Question

The volume of a bubble that starts at the bottom of a lake at 4.55°C increases by a factor of 8.00 as it rises to the surface where the temperature is 18.05°C and the air pressure is 0.980 atm. Assuming that the density of the lake water is 1.00 g/cm3, determine the depth of the lake?

Answer 1

Answer:

The depth of the lake is 67.164 meters.

Explanation:

The combined gas equation is,

$\frac{P_1V_1}{T_1}=\frac{P_2V_2}{T_2}$

where,

$P_1$ = initial pressure of gas in bubble= ?

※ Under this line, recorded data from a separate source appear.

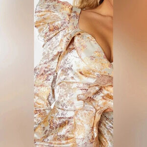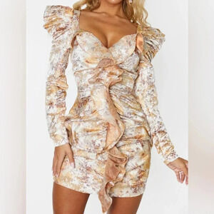 PrettyLittleThing Champagne Jacquard Floral Ruffle Long Sleeve Bodycon Dress
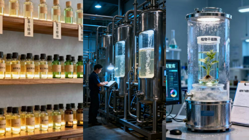 2. 科技核心:超临界 CO₂ 低温萃取技术,亚临界氟低温萃取技术。这两项技术是我们确保产品活性与纯净度的“芯片”,直接决定了使用时的吸收度与有效性。技术优势:在低温下萃取,能近乎完整地保留植物中的挥发性活性成分,避免传统高温萃取导致的成分破坏,确保精油“鲜活”。应用成果:已成功研发超临界、亚临界萃取了1000多种植物精油,并开发了20 款衍生产品,并以此技术开发了300多种本草复方精油,为产品创新提供了庞大的“气味与功效数据库”。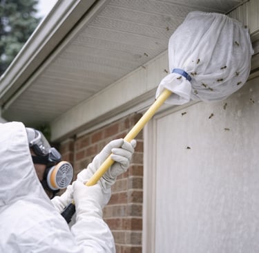 Safe removal of wasp and hornet nests from roofs, trees, and structures with protective equipment and prevention.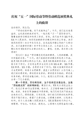 庆祝“五一”国际劳动节暨劳动模范颁奖典礼上的致辞.docx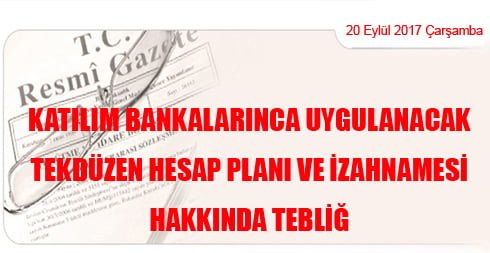 Katılım Bankalarınca Uygulanacak Tekdüzen Hesap Planı ve İzahnamesi Hakkında Tebliğ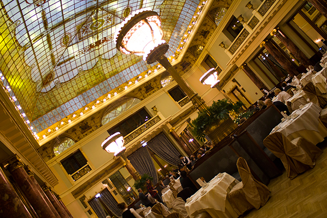 Воскресный обед в историческом зале гостиницы, где когда-то обедал Федор Шаляпин и Анна Павлова, Павел Рябушинский и Савва Морозов, погружает в атмосферу выдающегося гранд-отеля, только что отметившего 110-летний юбилей. Кухня старается над прославленной кулебякой а-ля «Метрополь», печеным ягненком под соусом «Красное вино» с мятой, традиционными щами из тушеной кислой капусты с печеным поросенком и, разумеется, фирменным медовиком. Нельзя пропустить блины с икрой щуки и экскурсию по историческим интерьерам отеля.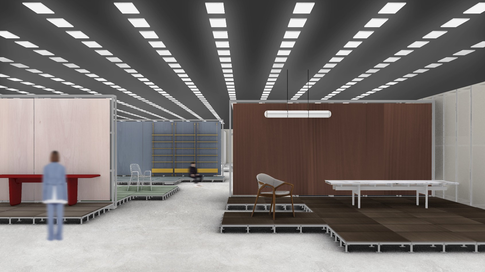 Perspectiva de como será o novo Salão Raritas, nos pavilhões 9 e 11 do Salão do Móvel de Milão 2026, com projeto do Formafantasma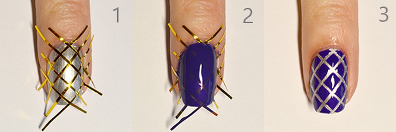 To get even strips, it is enough to use ordinary masking tape, making them stencils for drawing. More complex templates are offered by manufacturers of manicure materials.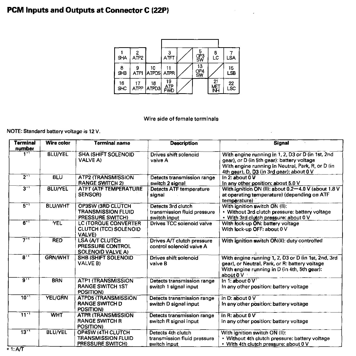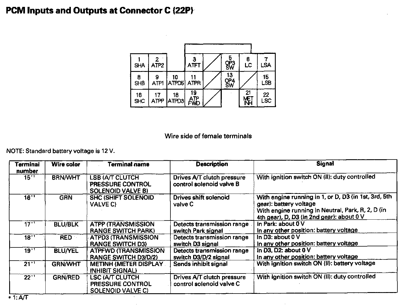 PCM Inputs And Outputs At Connector C (22P) Part 1: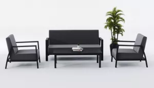 Материалы и цвета: каркас мебели выполнен из всесезонного алюминия с порошковым покрытием темно-серого цвета (карбон), подушки спинок и сидений обшиты уникальной уличной тканью Sunbrella темно-серого цвета, не выгорающей на солнце, толщина подушек сидений 15 см, планки столешницы кофейного столика темно-серого цвета (карбон) изготовлены из прочного алюминия толщиной 10 мм.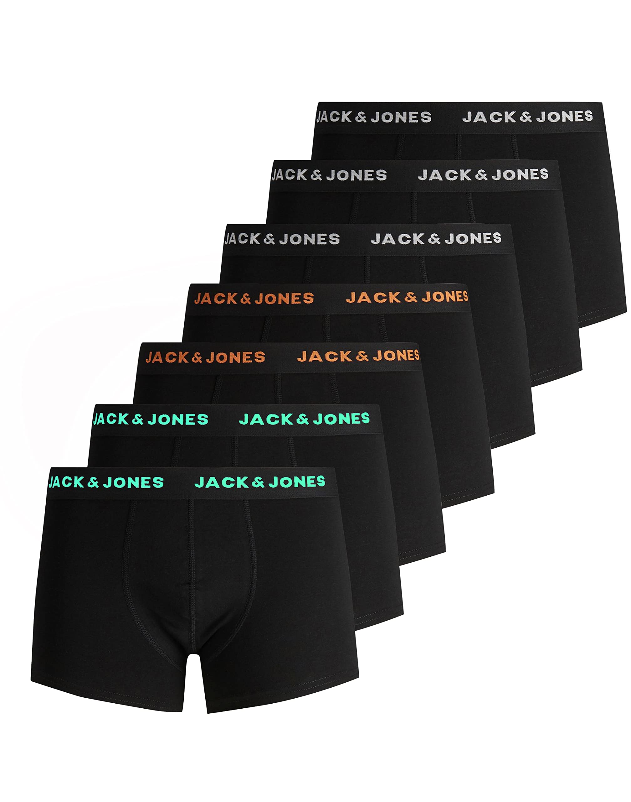 Herren JACBELMO Trunks 7er Pack, Schwarz/Logo Weiß/Orange/Grün, XXL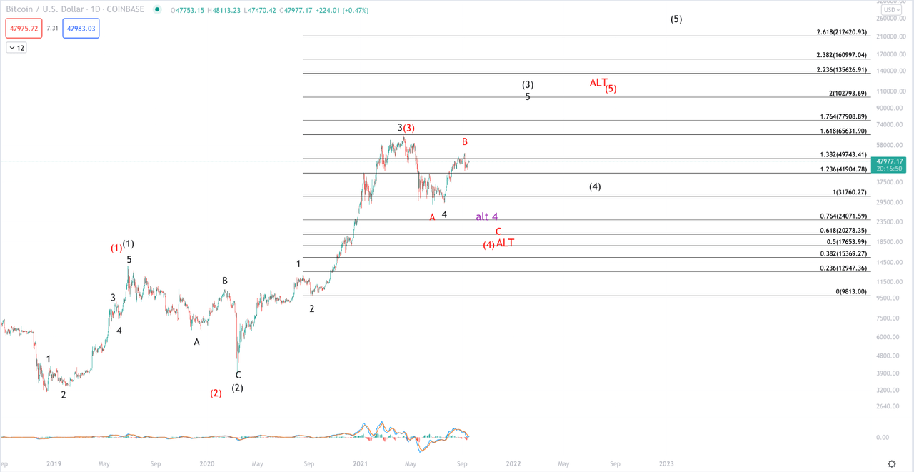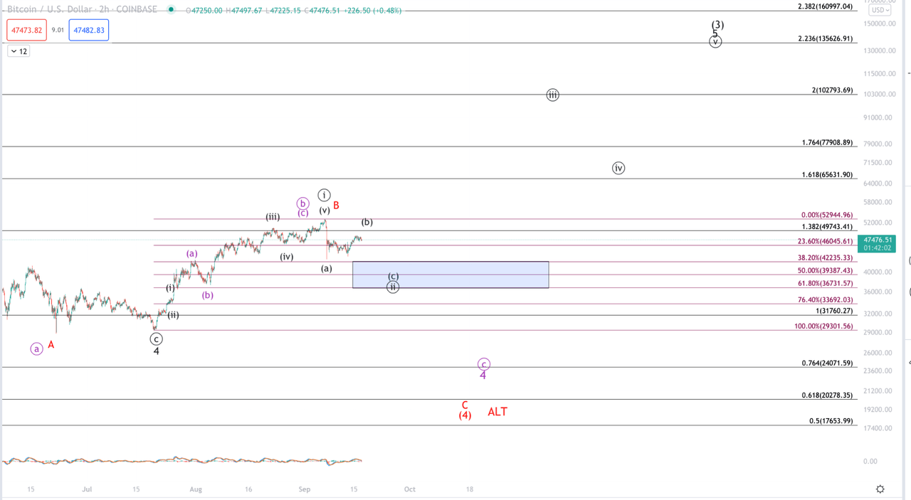 Lastly, the only potential that has not been covered: The steep drop into the Sept. 7 low will not be broken and price breaks back above the Sept. 6 high. Though I don’t view this prospect as likely due to the corrective nature of the rally since the Sept. 7 low, a resounding break back above $53k would strongly signal that the red and purple counts are not worth considering, that the lows are in, and that price is headed up to its next intermediate target, minimally $88k, ideally north of $100k.

$P_2$ = final pressure of gas = 0.980 atm

$V_1$ = initial volume of gas = $V$

$V_2$ = final volume of gas = 8.00 × V

$T_1$ = initial temperature of gas = $4.55^oC=273.15+4.55=277.7 K$

$T_2$ = final temperature of gas = $18.05^oC=273.15+18.05=291.2 K$

Now put all the given values in the above equation, we get:

$\frac{P_1\times V}{277.7 K}=\frac{0.980 atm\times 8.00\times V}{291.2 K}$

$P_1=7.476 atm$

pressure of the gas in bubble initially is equal to the sum of final pressure and pressure exerted by water at depth h.

$P_1=P_2+h\rho\times g$

Where :

$\rho =$ density of water = $1.00 g /cm^3=1000 g/m^3$

g = acceleration due gravity = $9.8 m/s^2$

$7.476 atm=0.980 atm +h\rho\times g$

$6.496 atm=h\rho\times g$

$6.496 \times 101325 Pa=h\1000 g/m^3\times 9.8 m/s^2$

h = 67.164 m

The depth of the lake is 67.164 meters.